#### Task item:
For this exercise, copy the data exactly and omit any images.

#### Data provided:
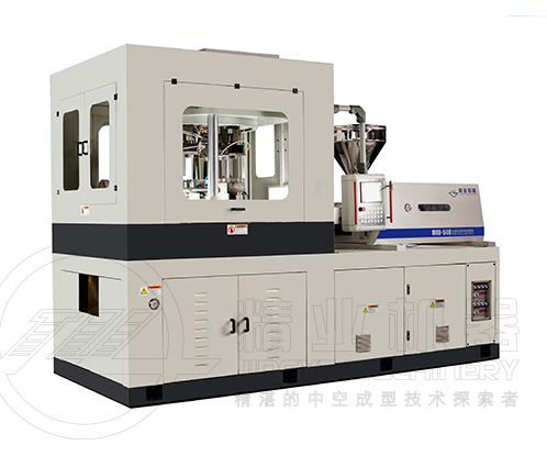 ????????該機型采用三工位結構,即第一工位注射瓶坯,第二工位拉伸吹瓶,第三工位脫瓶,其優勢在于管坯注塑成型后,利用自身所保留的熱量,直接進行拉伸吹塑,避免了管坯先要冷卻,損失熱量,然后再加溫,能量反復消耗的缺點。產品只一次成型,沒有中間轉運環節,徹底杜絕管坯相互碰撞的可能性,保證了極高的外觀質量。
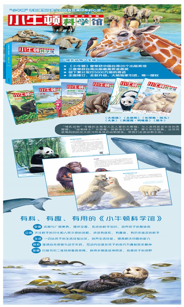 “小牛顿科学馆”礼盒装共30册,内容全面,培养孩子的整体观,带领孩子深入探索微妙的自然世界,了解科技文明的演进过程,获得系统的观念和知识。图文并解,超写实精细插画,透过剖面、透视等绘画技巧,充分展现事物原貌,让孩子轻松掌握观察重点。礼盒装包含5个主题专辑:宇宙的秘密、哺乳动物、神奇的大自然、餐桌上的食物、美好的生活。
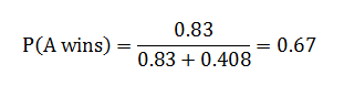Согласно этим весам, оценка для команды A составляет 0,83, а для команды B - 0,408. Для лучшего сравнения мы можем нормализовать оценки, разделив их на сумму оценок. Отсюда получаем вероятности,

#### Answer to this problem:
 ????????該機型采用三工位結構,即第一工位注射瓶坯,第二工位拉伸吹瓶,第三工位脫瓶,其優勢在于管坯注塑成型后,利用自身所保留的熱量,直接進行拉伸吹塑,避免了管坯先要冷卻,損失熱量,然后再加溫,能量反復消耗的缺點。產品只一次成型,沒有中間轉運環節,徹底杜絕管坯相互碰撞的可能性,保證了極高的外觀質量。
 “小牛顿科学馆”礼盒装共30册,内容全面,培养孩子的整体观,带领孩子深入探索微妙的自然世界,了解科技文明的演进过程,获得系统的观念和知识。图文并解,超写实精细插画,透过剖面、透视等绘画技巧,充分展现事物原貌,让孩子轻松掌握观察重点。礼盒装包含5个主题专辑:宇宙的秘密、哺乳动物、神奇的大自然、餐桌上的食物、美好的生活。
Согласно этим весам, оценка для команды A составляет 0,83, а для команды B - 0,408. Для лучшего сравнения мы можем нормализовать оценки, разделив их на сумму оценок. Отсюда получаем вероятности,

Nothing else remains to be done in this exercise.